To compensate for anticipated parking space losses that could result from upcoming development projects, DOTS is preparing to eliminate on-campus resident parking by fall 2017, officials said.  

Department of Transportation Services Director David Allen and other DOTS officials met with the Campus Transportation Advisory Committee on Friday morning to discuss the plan to limit the number of parked cars.

The parking elimination will take effect starting in fall 2016, when freshman and sophomore on-campus residents will no longer be able to park on the campus. The parking restriction will expand to apply to juniors and seniors living on the campus in fall 2017, Allen said.

“Parking problems are simple to solve: more spaces or fewer cars, that’s it. Nothing in between,” Allen said.  “So if we can’t have more spaces, the option is fewer cars.”

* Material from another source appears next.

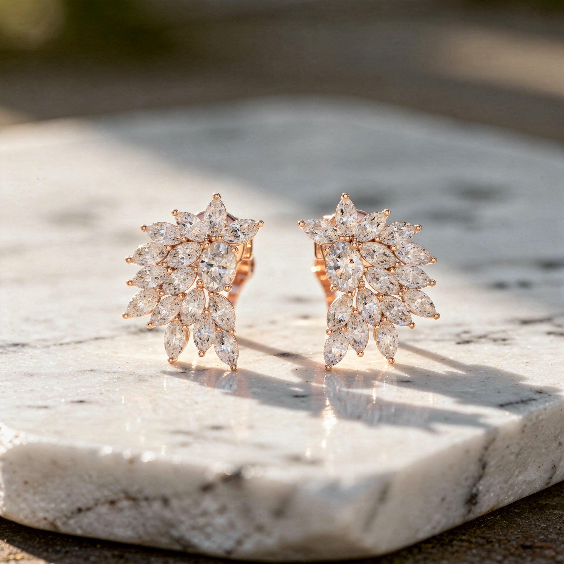 These statement marquise diamond stud earrings feature an intricate floral-inspired cluster arrangement designed for maximum brilliance. The layered marquise stones create movement, dimension, and luxurious sparkle.

The proposed renovation of Cole Field House, which the University System of Maryland Board of Regents approved Friday, as well as the construction of the Brendan Iribe Center for Computer Science and Innovation, the Purple Line, Academic Village and other academic buildings could eliminate more than 4,400 spaces over the next several years, Allen said.

While there is currently a surplus of roughly 1,500 parking spaces on the campus, these spots will begin to decrease as construction continues, he said. To build an additional garage on the campus would cost more than $100 million, which Allen said would result in debt the university could not support.

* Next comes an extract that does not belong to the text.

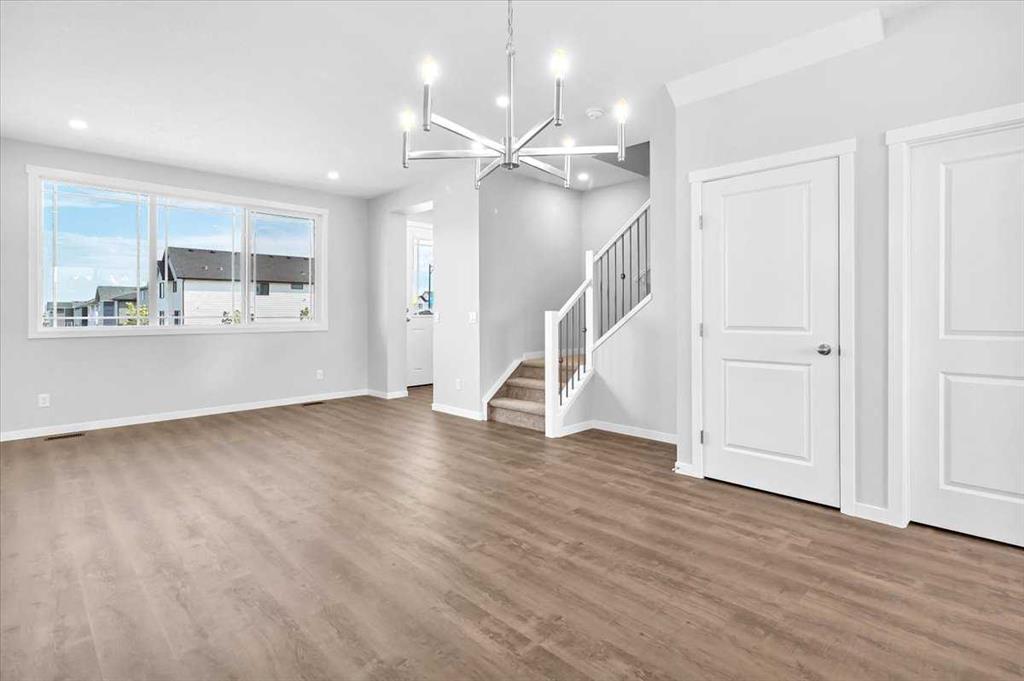 Welcome to this beautiful brand-new property in Okotoks. This house is situated in a new quite community, family-friendly neighborhood. A short walk to D’Arcy Ranch Golf Club, and shopping like Safeway, shoppers Drug Mart, Starbucks, Dollarama, Pet value and more. As soon as you step in to this property you will be greeted by nice foyer and coat closet. The main floor offers open layout, great kitchen with stainless steel appliances, Quartz countertops, good size kitchen island, upgraded cabinets with soft closing and under-cabinet lighting. The kitchen also comes with a generous size pantry with wired shelving. As you walk away to the back of the house, you will have access to a two-piece bathroom, a built-bench and a back door that leads you to a good size deck with railing, BBQ gas line to enjoy the summer days on your backyard. As you walk to the second floor you will find three bedrooms, tow and half bathrooms, stackable washer and dryer and a linen closet. Every bedroom comes with walk-in closet. This property also has a side entrance that leads to the basement. The basement has a great layout that offers excellent opportunity for development. 9’ foundation walls and two windows and all mechanicals are in one corner. This is an incredible opportunity in Okotoks. Book you showing through showing time.

Additionally, all residents living in the University View, The Varsity and other apartment complexes with designated Shuttle-UM bus routes will be unable to park on the campus starting in fall 2016. Commuter parking availability will not be affected, he said.

Allen said he estimates these restrictions will eliminate about 2,889 cars currently parking on the campus.   

But these plans could change or evolve, depending on the completion status of some of the projects, Allen said.

“That fall 2016 time frame, you can bet on that. It’s beyond that where it’s a bit more up in the air,” Allen said.

Plans for the Purple Line and Academic Village, for example, are uncertain, but these proposals should be finalized within the next six months, Allen said.

“If they don’t happen, then lots of things change,” Allen said. “We are planning on — depending on your perspective — either the worst case for parking or the best case for the institution and the construction.”

If the construction projects move forward as scheduled, DOTS will lose an estimated $1.67 million in yearly parking revenue, Allen said. To compensate for that loss, Allen said commuter parking rates will increase, anticipating that the current rate of $249 per year will rise by 13.7 percent in fall 2015, 14.5 percent in fall 2016 and 17.3 percent in fall 2017.

Allen said on-campus resident students have the lowest parking priority because they use the cars less often than employees and commuter students do.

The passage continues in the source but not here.